Write out the data word for word and drop any picture you find.

-- Provided data --

····················

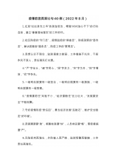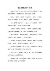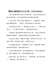 精彩比喻类排比句40例(20220830)1.运行的“磨合期”变成班子的“融合期”,岗位的“适应期”变成能力的“提升期”,班子的“稳定期”变成发展的“黄金期”。2.无坚不摧、坚韧不拔的“钢铁般”决心,愈挫愈奋、顽强不屈的“弹簧般”勇气,一鼓作气、誓不罢休的“钉子般”作风。3.政治坚定的“明白人”,服务群众的“贴心人”,干事创业的“带头人”,严以律己的“规矩人”,管党治党的“责任人”。4.民政部门是党委政府与群众的“连心桥”,民政工作是社会满意度的“晴雨表”,民政事业是经济社会发展的“压舱石”。5.视法纪为“雷池”,敬畏而不逾越;视声色犬马为“祸水”,鄙视而不染身;视钱物为“诱饵”,远离而不沾边...
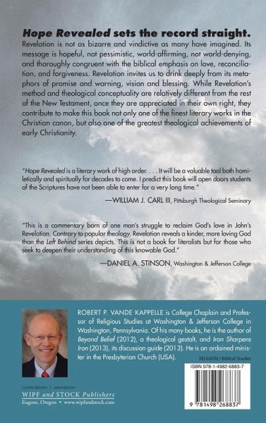Hope Revealed sets the record straight. Revelation is not as bizarre and vindictive as many have imagined. Its message is hopeful, not pessimistic, world-affirming, not world-denying, and thoroughly congruent with the biblical emphasis on love, reconciliation, and forgiveness. Revelation invites us to drink deeply from its metaphors of promise and warning, vision and blessing. While Revelation's method and theological conceptuality are relatively different from the rest of the New Testament, once they are appreciated in their own right, they contribute to make this book not only one of the finest literary works in the Christian canon, but also one of the greatest theological achievements of early Christianity.
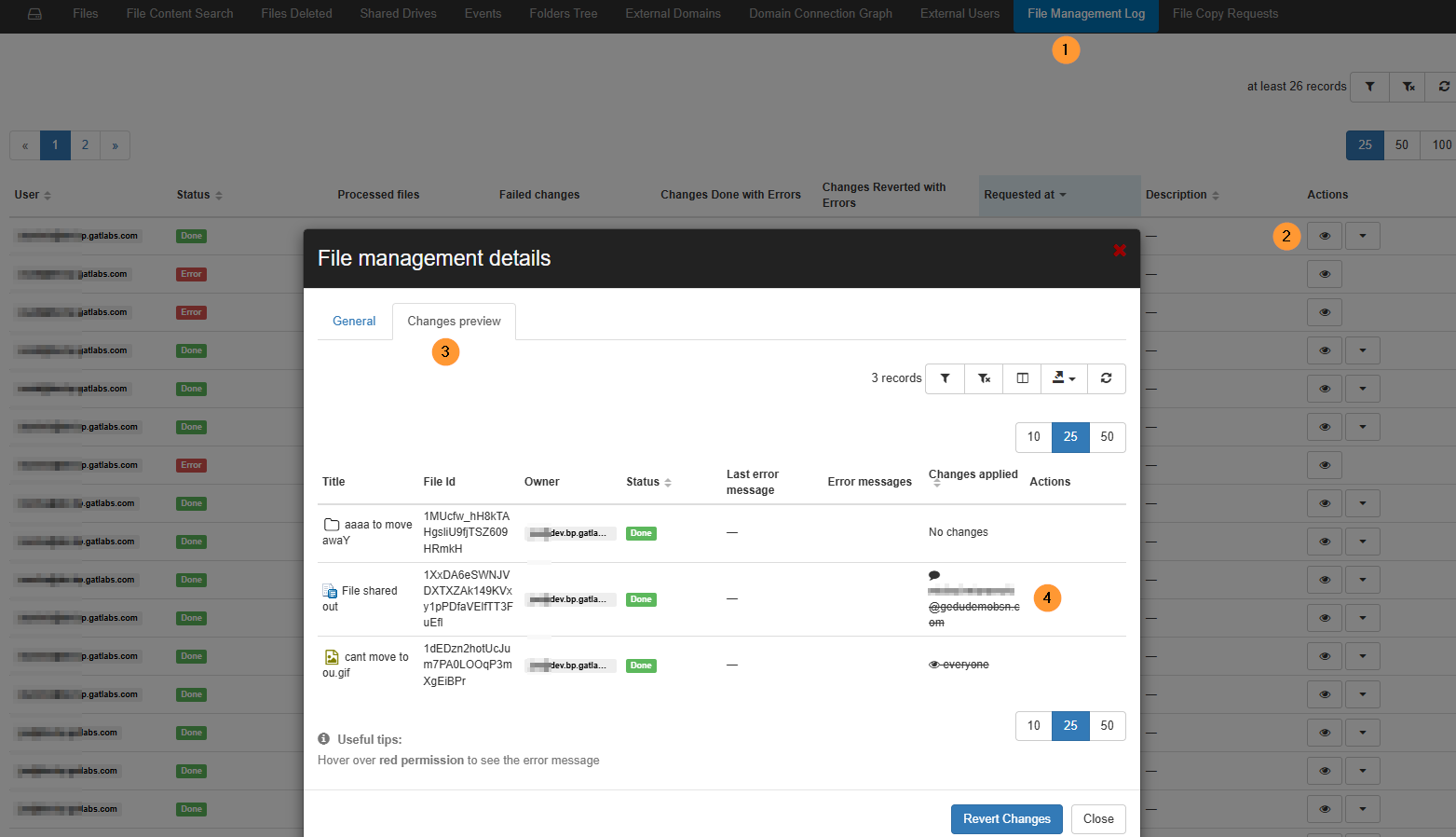 Navigate to Drive > File management log – there you can see the result of the job above.
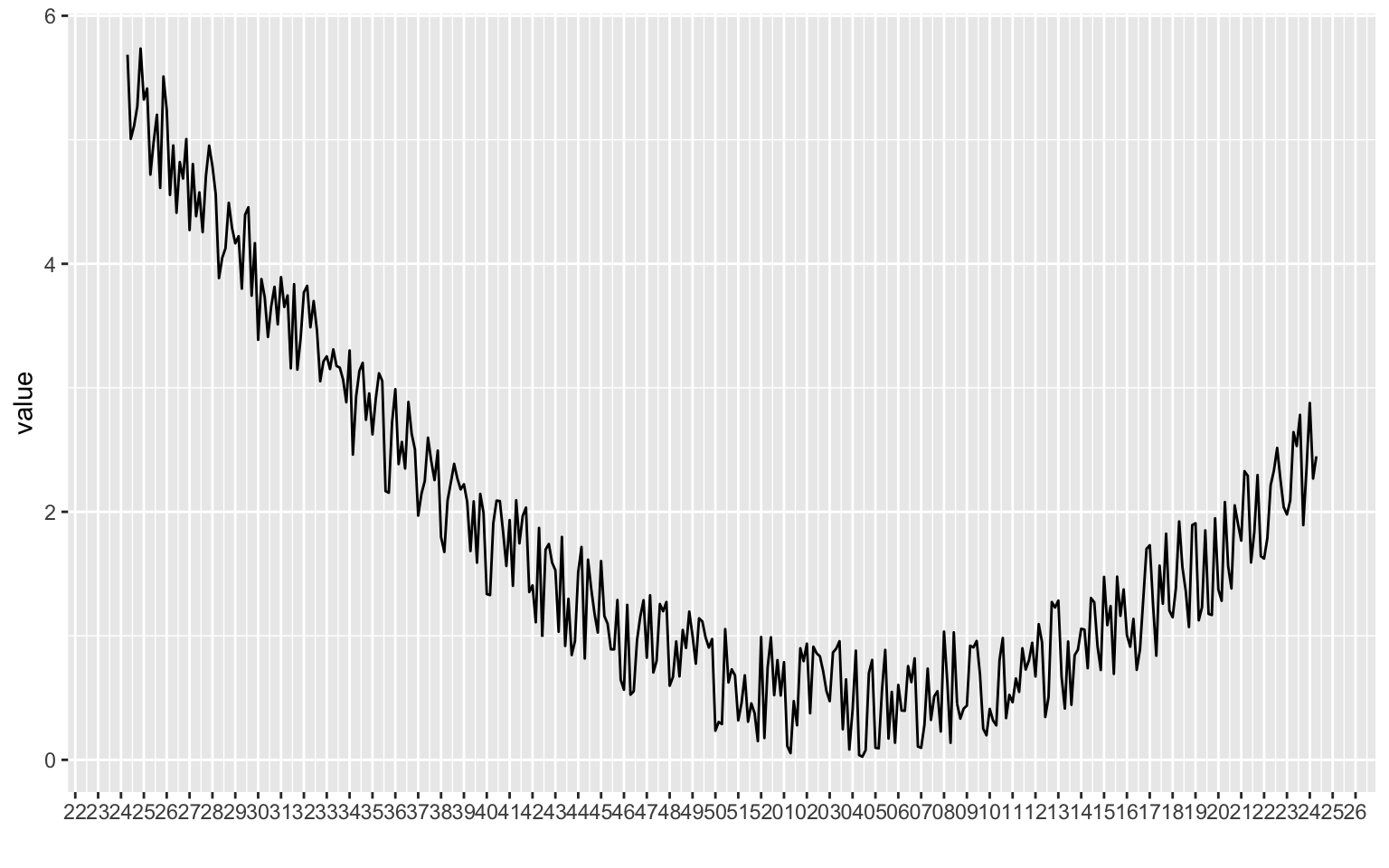 p <- ggplot(data, aes(x = day, y = value)) +

····················

-- Answer area --
 精彩比喻类排比句40例(20220830)1.运行的“磨合期”变成班子的“融合期”,岗位的“适应期”变成能力的“提升期”,班子的“稳定期”变成发展的“黄金期”。2.无坚不摧、坚韧不拔的“钢铁般”决心,愈挫愈奋、顽强不屈的“弹簧般”勇气,一鼓作气、誓不罢休的“钉子般”作风。3.政治坚定的“明白人”,服务群众的“贴心人”,干事创业的“带头人”,严以律己的“规矩人”,管党治党的“责任人”。4.民政部门是党委政府与群众的“连心桥”,民政工作是社会满意度的“晴雨表”,民政事业是经济社会发展的“压舱石”。5.视法纪为“雷池”,敬畏而不逾越;视声色犬马为“祸水”,鄙视而不染身;视钱物为“诱饵”,远离而不沾边...
Hope Revealed sets the record straight. Revelation is not as bizarre and vindictive as many have imagined. Its message is hopeful, not pessimistic, world-affirming, not world-denying, and thoroughly congruent with the biblical emphasis on love, reconciliation, and forgiveness. Revelation invites us to drink deeply from its metaphors of promise and warning, vision and blessing. While Revelation's method and theological conceptuality are relatively different from the rest of the New Testament, once they are appreciated in their own right, they contribute to make this book not only one of the finest literary works in the Christian canon, but also one of the greatest theological achievements of early Christianity.
 Navigate to Drive > File management log – there you can see the result of the job above.
 p <- ggplot(data, aes(x = day, y = value)) +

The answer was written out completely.